His compositions are primarily orchestral and choral from what i can tell. He lived at around the same time as R. Strauss and Rachmaninoff. I find his Te Deum and the opera Die Vogel his best works. His Great Mass and the Prelude and Fugue for orchestra are great too. I'm currectly listening to to his other works, he seems to be great composer.


----------



## Art Rock

Excellent composer, also for songs and chamber music. I have these CD's, not a dud in them.

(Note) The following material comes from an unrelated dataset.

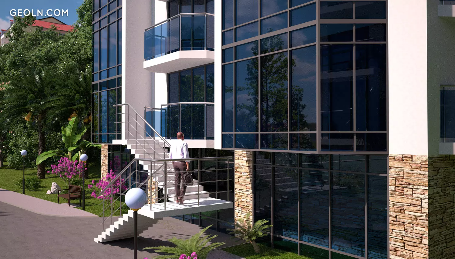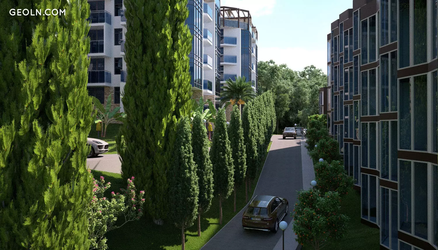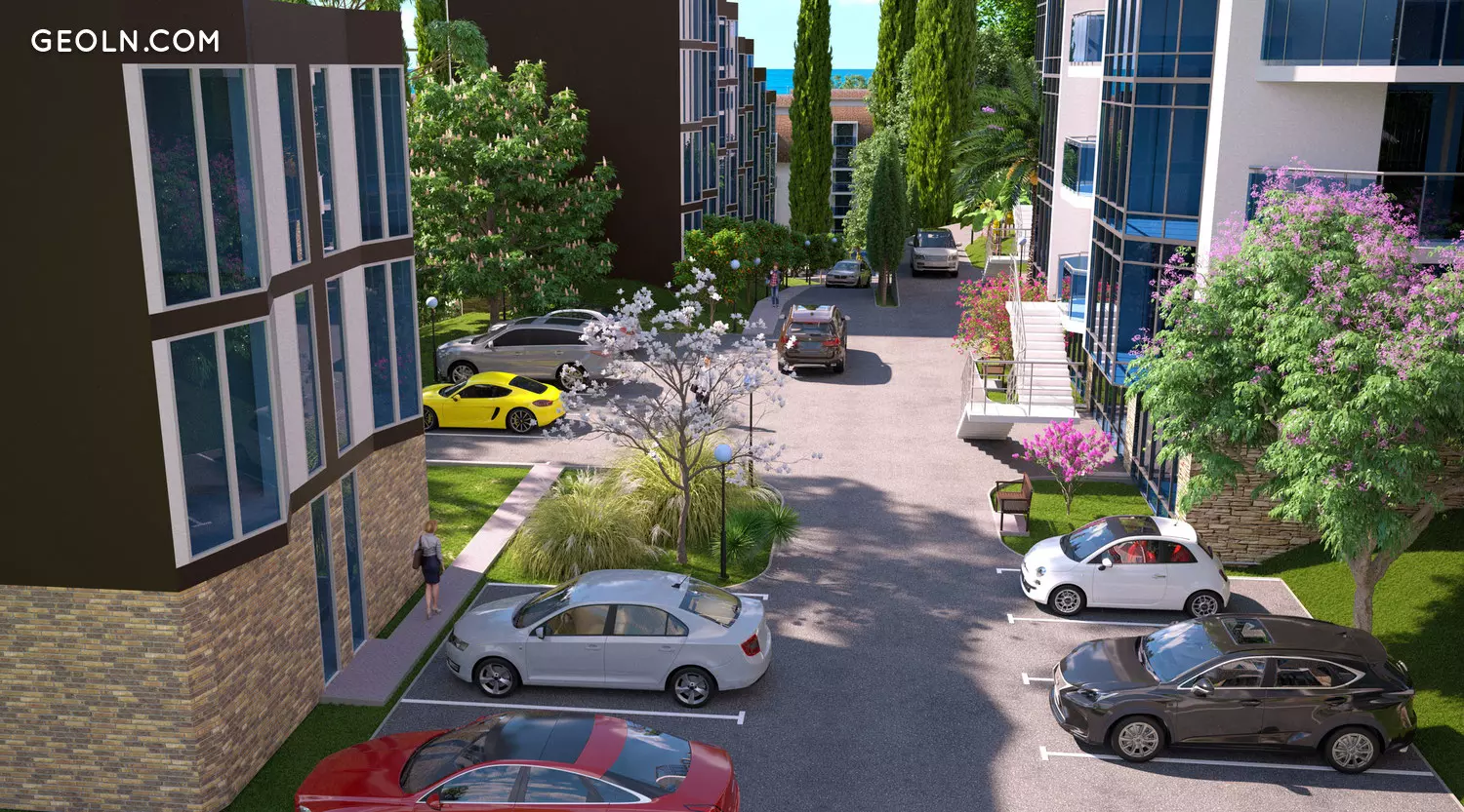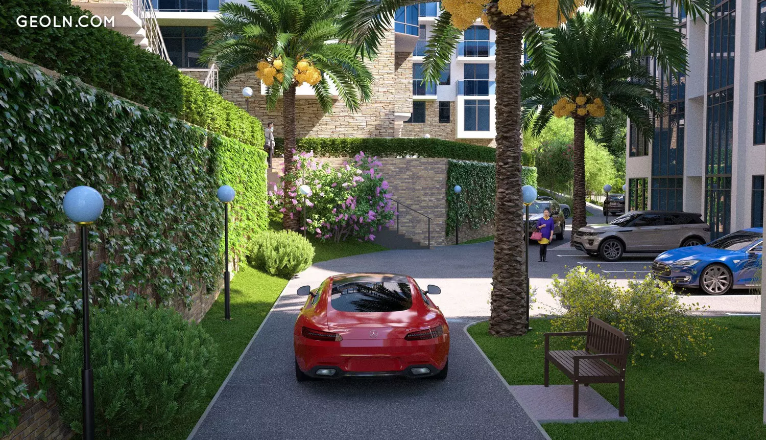 Планом забудови передбачено обладнання наземних автопарковок, прокладка проїздів та пішохідних доріжок з твердим покриттям. Виконується благоустрій та озеленення території, висаджуються дерева і чагарники. Встановлюються стовпи з освітлювальними приладами. Передбачено обладнання басейну, зони відпочинку і дитячих майданчиків. На перших поверхах розміщується СПА-салон, магазини, дитячий центр і кафе.

Sinfonia brevis, Symphonic variations etc (BBCCO, Wildner, Dutton)
Piano concerto, Scottish fantasy, Ariels Gesang (BBCCO, Wildner, Dutton)
Concerto for organ and boys choir, TAF, SV (MS, TK, Albrecht, Oehms)
Serenade, Fantastic appearances (RSOW, Russell Davies, CPO)
Serenade, Overture & Suites, Konzertstück (BBCCO, Wildner, Dutton)
Orchestral Songs 1 (SW, Albrecht, Farcas, Vogt, Folle, Oehms)
Orchestral Songs 2 (KB, Albrecht, Nylund, Kuehmeyer, Merbeth, Oehms)
Grosse Messe (KB, Wengle, Capriccio)
Te Deum (SRSO, Sjoberg, Jonsson, Honeck, Orfeo)
String quartets 1+2 (Auryn Quartett, CPO)
String quintet [with R Strauss - Metamorphosen for septet] (Gringolts Quartett, Hannsler)


----------



## MusicSybarite

Braunfels was a substantial composer indeed. I've listened to the Te Deum, Sinfonia brevis, Fantastic apparitions on Berlioz's themes, Ariels Gesang, Don Juan - Variations for orchestra, Schottische Fantasie, and the Symphonic variations on an old French song. All of them are great, above all the Fantastic apparitions on Berlioz's themes (a very muscular work), Te Deum (with many heavenly passages) and Sinfonia brevis (concise and strong). I own the Grosse Messe but it has many glitches in some movements. I verified the work on Spotify and it happens the same. Does someone else have the same problem with the Grosse Messe?


----------